The advent of the debt crisis is like sitting through a scary movie. There is anxiety. There are anxious moments. We hold our breath. But in the end, it is just a movie. After the movie, we walk out of the theatre and life goes on. The grips that Washington has on us will soon end and business will continue. Our government will keep paying for stuff. All bills will be paid. In the end, the conflict in Washington will be…. just theatre.
Harry Reid said this morning” It’s time for us to be adults.” Really Senator Reid? I thought a pre-requisite for any person taking a responsible job was to be an adult.
The real concern is that the slowing economy happening all around us threatens to move our country into a recession. Short term, steps taken to balance the budget are not helpful to a fragile economy. Whatever resolution settlement is made in congress will surely create more drag . Any combination of tax increases or spending cuts will have the same effect.

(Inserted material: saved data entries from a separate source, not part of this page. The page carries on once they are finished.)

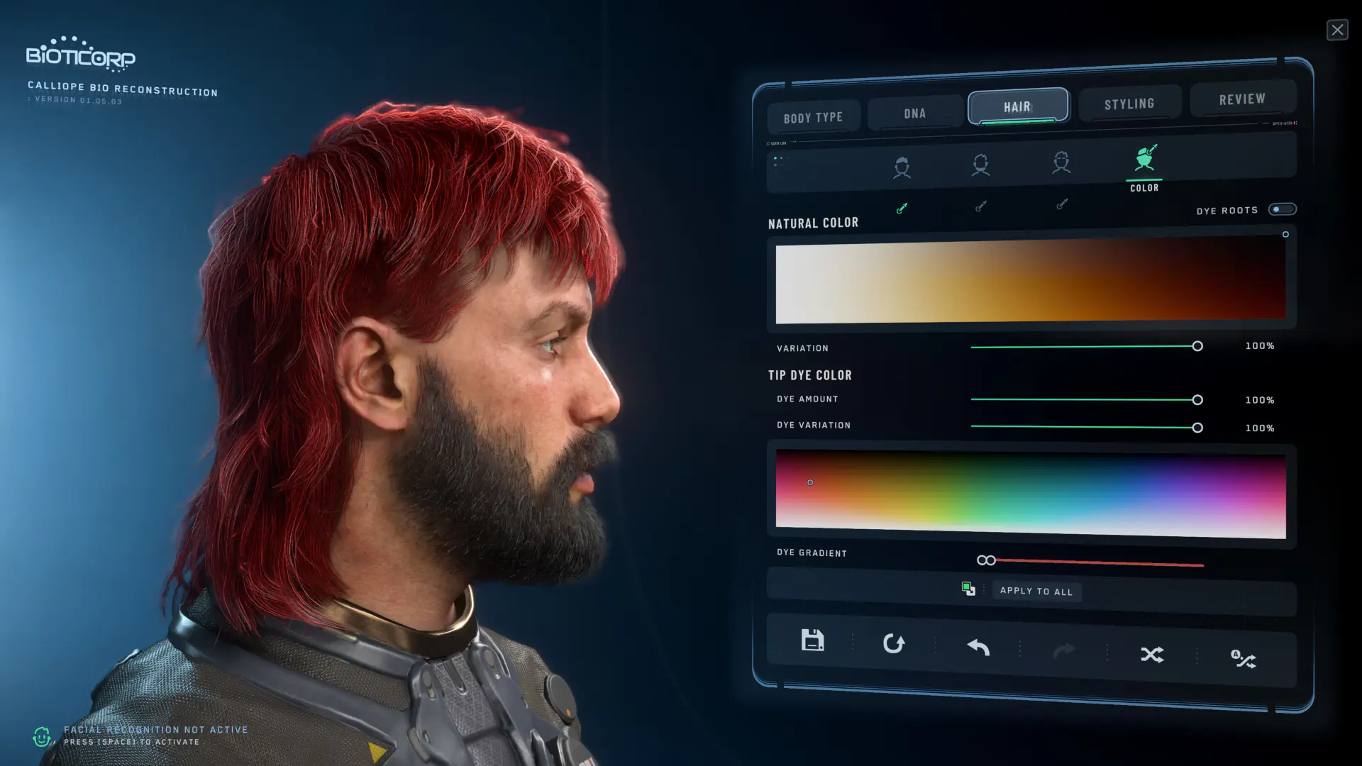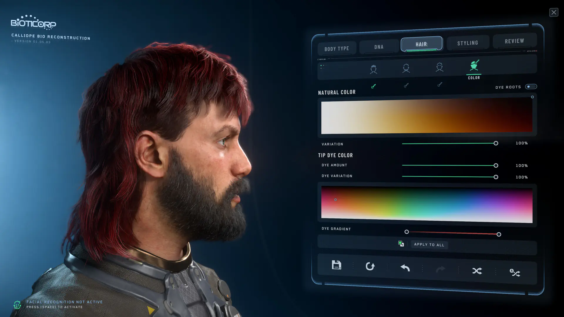 Bist du mit dem Ergebnis zufrieden, kannst du mit Apply To All diese Farben auch auf die Augenbrauen und die Gesichtsbehaarung anwenden, oder du bestimmst alle diese Farben individuell.
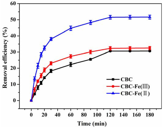 Figure 8 shows the influence of reaction time on the removal efficiency of RhB by CBC, CBC-Fe(III) and CBC-Fe(II) under the same reaction temperature. The results obtained revealed that the removal efficiency of CBC-Fe(II) to RhB was much higher than that of CBC and CBC-Fe(III), demonstrating that CBC-Fe(II) possessed a relatively strong driving force on RhB. It was evidently observed that the removal efficiency of the three samples to RhB increased quickly during the initial stage, which was attributed to the free adsorption sites available for a large number of dye molecules. However, with the increase in contact time, the number of adsorption positions gradually decreased, leading to a slower adsorption rate. Finally, the adsorption equilibrium was achieved after 120 min, when the removal efficiency became almost constant.
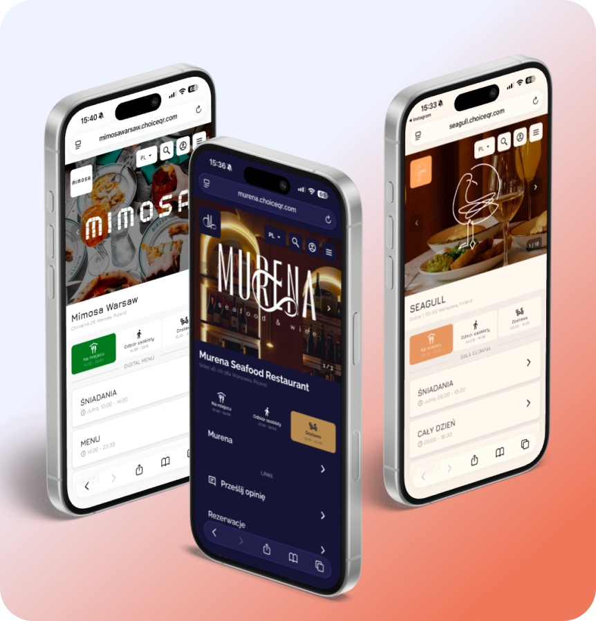 System pozwala stworzyć i skonfigurować stronę internetową dla Twojej restauracji z spersonalizowaną stroną powitalną i narzędziami marketingowymi (SEO, integracja z kontami reklamowymi i nie tylko), w tym menu, możliwością przyjmowania zamówień na dostawę i odbiór osobisty, a także funkcją rezerwacji stolików. Twoi goście mogą przeglądać menu, składać zamówienia i rezerwować stoliki bezpośrednio przez stronę.
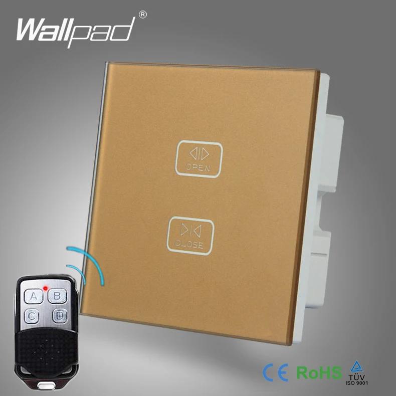 Beste Kopen High End Remote Gordijn Switch Wallpad Gold Gehard Glas 2 Gang 1 Way Remote Touch Roller Gordijn Venster Controle Muur switc Goedkoop
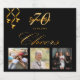 A bottle label for a glamourous 70th birthday party. Personalize and add 3 of your own photos, a name, age 70 and a date. Date of birth or the date of the party. Golden coloured letters. The word: Cheers, in faux gold written with a trendy hand lettered style script. Elegant, classic chic black background colour, decorated with faux gold party streamers.

Given this environment, where do we need to invest? Long term treasury bonds. Long term rates have remained stubbornly high for several years. Short term rates are near zero percent while the rate on the 30 year treasury bond has been over 4% for the last several years. This spread between zero percent short term rates and over 4% on long term rates is much too large and will have to contract. The time for them to appreciate is now.
Concern over credit ratings on the US Government, the dollar, and fears of inflation have all contributed to keeping long term T-Bonds at high rates and low prices. If mortgage rates were to fall below 4%, our economy would receive a much needed medicine. Refinancing would accelerate. People would save money on interest costs. Home building and all sorts of projects requiring long term financing would pick up. Of course the bi-product would be increased tax receipts which is just what the doctor in Washington has ordered.